In a series of interviews in the normally closed communist country, senior Laotian government officials urged Canada to return with whatever financial support it could offer to help with its annual $30-million international effort to clear the unexploded ordnance, known as UXO.

Laos is the most cluster bomb-contaminated country in the world on a per capita basis.

Millions of bomblets never exploded

American B-52 bombers dropped two million tonnes of bombs on Laos over nine years, including 270 million fist-sized bomblets, 80 million of which failed to explode.

The small, brightly coloured submunitions, known as bombies or bomblets, continue to litter the country, injuring and maiming innocent civilians, often children.

There are an estimated 12,000 cluster bomb victims and their families living in Laos, Vietnam's tiny landlocked neighbour of six million people.

Baird is to announce the renewed Canadian funding in Vientiane, the Laotian capital, at a government-run health and rehab facility called the Cope Centre that also contains a small but powerful museum that describes the cluster bomb problem.

Sources familiar with the details surrounding the announcement say Baird will announce $500,000 each for two UXO clearance operators based in Laos. They are the British-based Mines Advisory Group and the country's own homegrown clearance operator, UXO Lao.

The $1 million will be administered through a United Nations Development Program trust fund.

Officials urged Canada to restart funding

The deputy director of UXO Lao had effusive praise for Canada's past funding of the sector during an interview earlier this year, but was one of several officials urging Canada to restart funding.

"Maybe there's some other internal issue the Canadian people consider more important to resolve," said Wanthong Khamdala. "But I'd like to request to the Canadian government to consider again to support."

Baird's announcement will take place in the Cope Centre, which former U.S. Secretary of State Hillary Clinton visited in July 2012 on her historic visit to Laos.

Clinton met Phongsavath Manithong, who lost both his hands and was blinded by a cluster bomb on his 16th birthday in February 2008.

Phongsavath told The Canadian Press in a lengthy interview at the centre earlier this year that his country needs more financial help to assist victims of cluster bombs.

"We need more help from the American government," he said. "They are a rich country. That's not enough to help the disabled people, the survivors."

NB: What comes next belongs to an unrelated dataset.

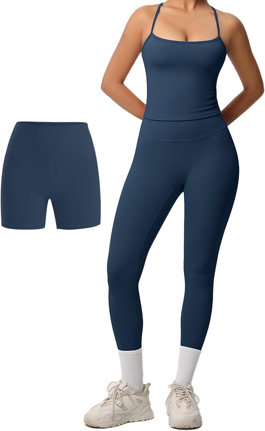 Women 3 Piece Workout Sets Padded Tank Top Sports Bra Matching High Waist Biker Shorts & Gym Yoga Leggings(Navy)

Bill to ratify convention includes out clause for Canada

Canada is a signatory but has yet to ratify the international treaty that seeks to ban cluster bomb use.

Canada faces heavy international criticism for the bill that it has tabled in Parliament that would ratify the Convention on Cluster Munitions, or CCM.

It contains a provision that would allow the Canadian Forces to be involved in the use of cluster bombs in joint operations with the United States, which has opted out of the convention.

The bill fell into limbo in June when the House of Commons adjourned.

Participants at a major international meeting of states that are parties to the cluster bomb convention last month in Zambia renewed calls on the government to amend the bill and close the loophole.

"The government's draft implementation legislation is out of step with the impressive progress being made by this treaty" said Paul Hannon, executive director of Mines Action Canada.

"When Parliament returns, it needs to amend Bill S-10 to send a strong message that Canada will never support the use of cluster munitions by anyone anywhere."